In the records below, begin at the line that has "En el baño, compacto" and stop after the line that has "A bar graph"; quote those lines verbatim and nothing more.

## Dataset entries
——

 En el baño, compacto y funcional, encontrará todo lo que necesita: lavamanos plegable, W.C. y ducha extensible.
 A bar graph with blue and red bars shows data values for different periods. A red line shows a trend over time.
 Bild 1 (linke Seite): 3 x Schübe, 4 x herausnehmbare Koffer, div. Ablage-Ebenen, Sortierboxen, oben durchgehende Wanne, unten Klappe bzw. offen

——

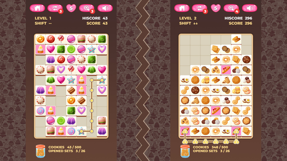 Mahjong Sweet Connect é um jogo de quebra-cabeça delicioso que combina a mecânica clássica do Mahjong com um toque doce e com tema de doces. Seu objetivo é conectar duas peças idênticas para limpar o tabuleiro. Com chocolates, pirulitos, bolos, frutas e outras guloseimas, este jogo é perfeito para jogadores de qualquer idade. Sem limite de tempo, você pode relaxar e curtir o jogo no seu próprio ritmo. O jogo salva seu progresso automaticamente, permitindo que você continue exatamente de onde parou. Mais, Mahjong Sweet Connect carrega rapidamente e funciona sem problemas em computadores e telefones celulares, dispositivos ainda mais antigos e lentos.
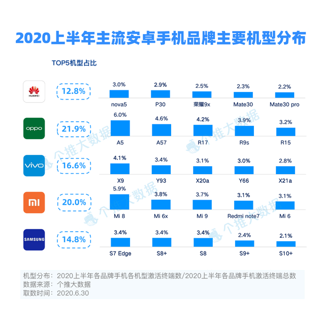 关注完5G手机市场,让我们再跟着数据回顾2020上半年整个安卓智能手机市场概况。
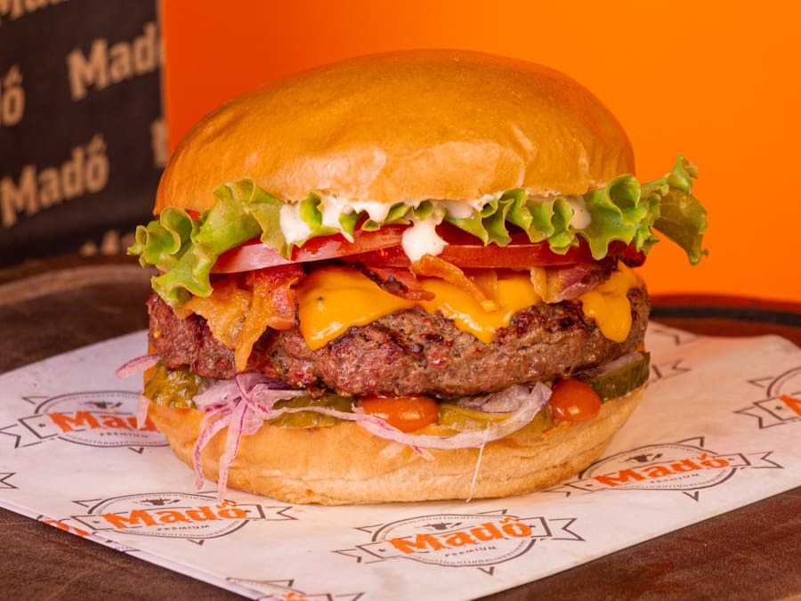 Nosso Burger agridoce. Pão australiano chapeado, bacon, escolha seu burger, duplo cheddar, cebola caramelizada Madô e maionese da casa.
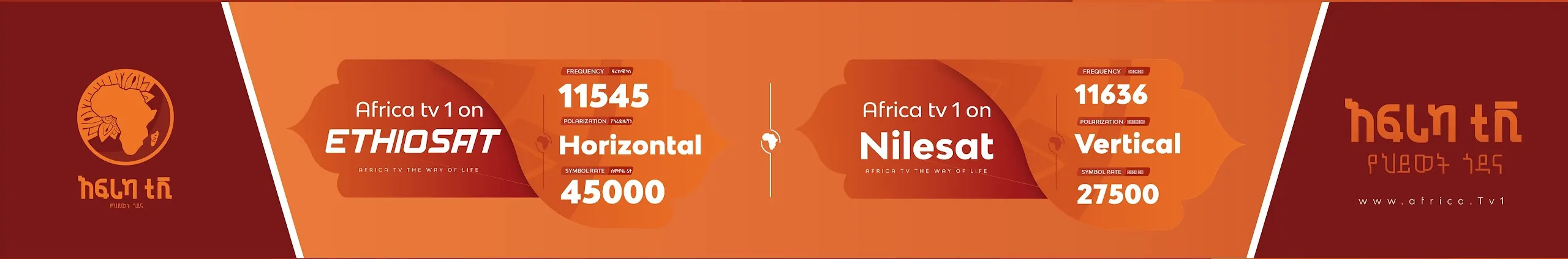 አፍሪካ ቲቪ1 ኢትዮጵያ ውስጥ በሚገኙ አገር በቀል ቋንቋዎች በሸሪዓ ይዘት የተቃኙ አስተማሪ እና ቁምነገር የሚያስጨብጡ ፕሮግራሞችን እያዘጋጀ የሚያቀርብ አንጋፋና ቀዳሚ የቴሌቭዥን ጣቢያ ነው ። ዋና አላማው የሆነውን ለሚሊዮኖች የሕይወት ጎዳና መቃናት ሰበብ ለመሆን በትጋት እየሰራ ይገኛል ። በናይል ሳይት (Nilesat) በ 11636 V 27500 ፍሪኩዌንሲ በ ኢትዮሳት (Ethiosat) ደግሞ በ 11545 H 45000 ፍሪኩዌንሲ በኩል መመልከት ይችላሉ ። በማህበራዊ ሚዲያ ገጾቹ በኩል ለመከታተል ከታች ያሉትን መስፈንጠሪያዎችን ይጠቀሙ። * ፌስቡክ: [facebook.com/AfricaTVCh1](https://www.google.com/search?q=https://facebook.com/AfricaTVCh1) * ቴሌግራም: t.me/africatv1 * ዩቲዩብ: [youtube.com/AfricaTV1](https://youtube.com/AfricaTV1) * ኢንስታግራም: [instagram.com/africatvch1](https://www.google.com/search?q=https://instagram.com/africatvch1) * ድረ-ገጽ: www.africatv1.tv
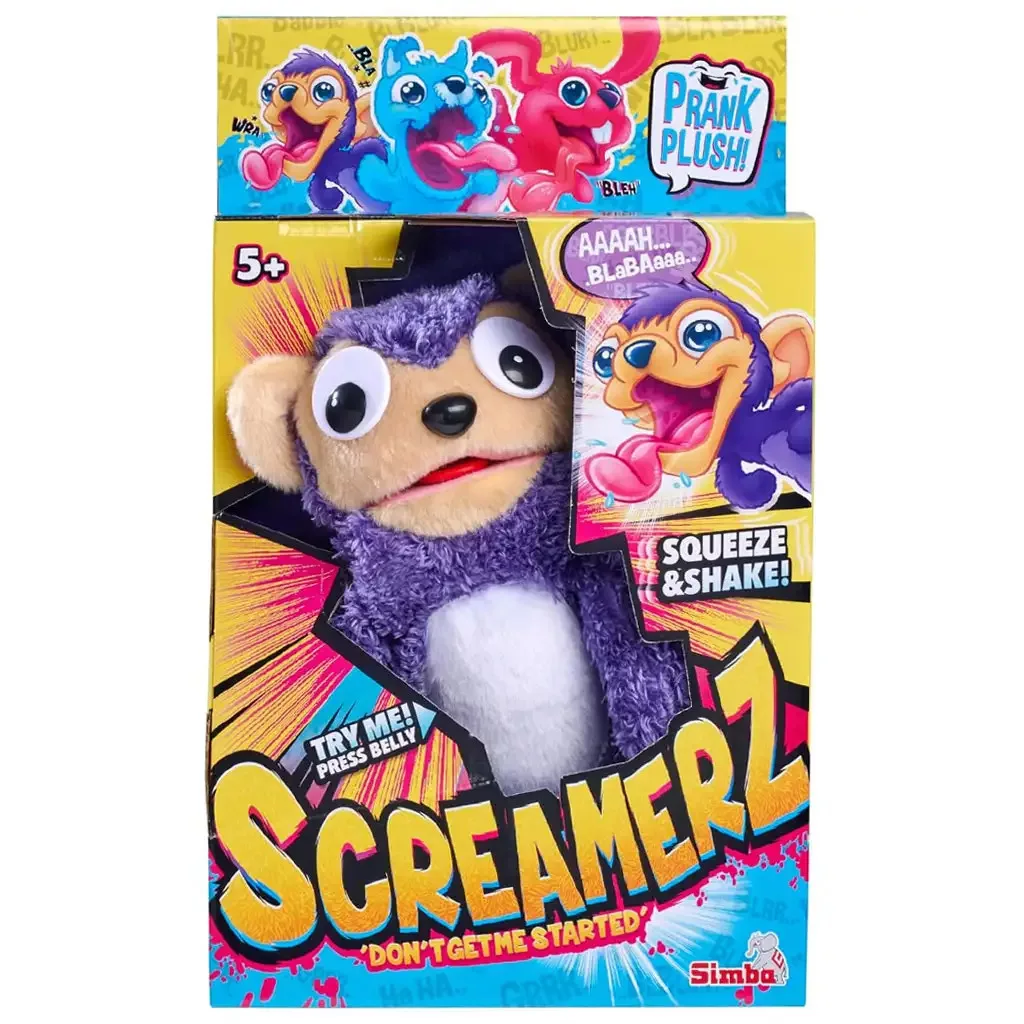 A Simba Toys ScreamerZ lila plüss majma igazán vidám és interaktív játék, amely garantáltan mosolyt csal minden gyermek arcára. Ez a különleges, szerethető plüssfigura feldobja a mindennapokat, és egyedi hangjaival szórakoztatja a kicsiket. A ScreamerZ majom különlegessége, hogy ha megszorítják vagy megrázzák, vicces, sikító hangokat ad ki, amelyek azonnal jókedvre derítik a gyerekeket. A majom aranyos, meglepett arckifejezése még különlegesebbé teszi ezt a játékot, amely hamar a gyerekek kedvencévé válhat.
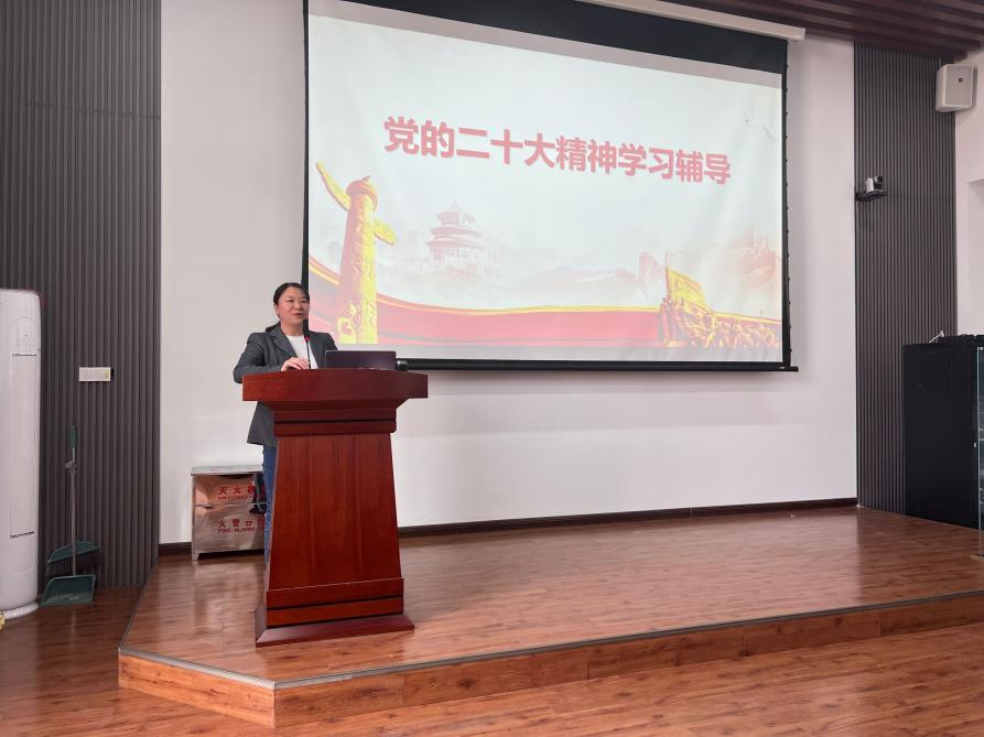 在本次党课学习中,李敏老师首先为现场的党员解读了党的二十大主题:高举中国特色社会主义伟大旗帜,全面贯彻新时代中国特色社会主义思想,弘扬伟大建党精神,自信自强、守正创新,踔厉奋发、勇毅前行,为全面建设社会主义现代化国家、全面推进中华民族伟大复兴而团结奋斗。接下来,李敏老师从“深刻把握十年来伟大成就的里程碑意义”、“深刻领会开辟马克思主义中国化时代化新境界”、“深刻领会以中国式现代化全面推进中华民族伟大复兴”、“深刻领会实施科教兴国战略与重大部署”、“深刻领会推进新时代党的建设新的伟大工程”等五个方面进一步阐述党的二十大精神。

——

## Output for this task
 En el baño, compacto y funcional, encontrará todo lo que necesita: lavamanos plegable, W.C. y ducha extensible.
 A bar graph with blue and red bars shows data values for different periods. A red line shows a trend over time.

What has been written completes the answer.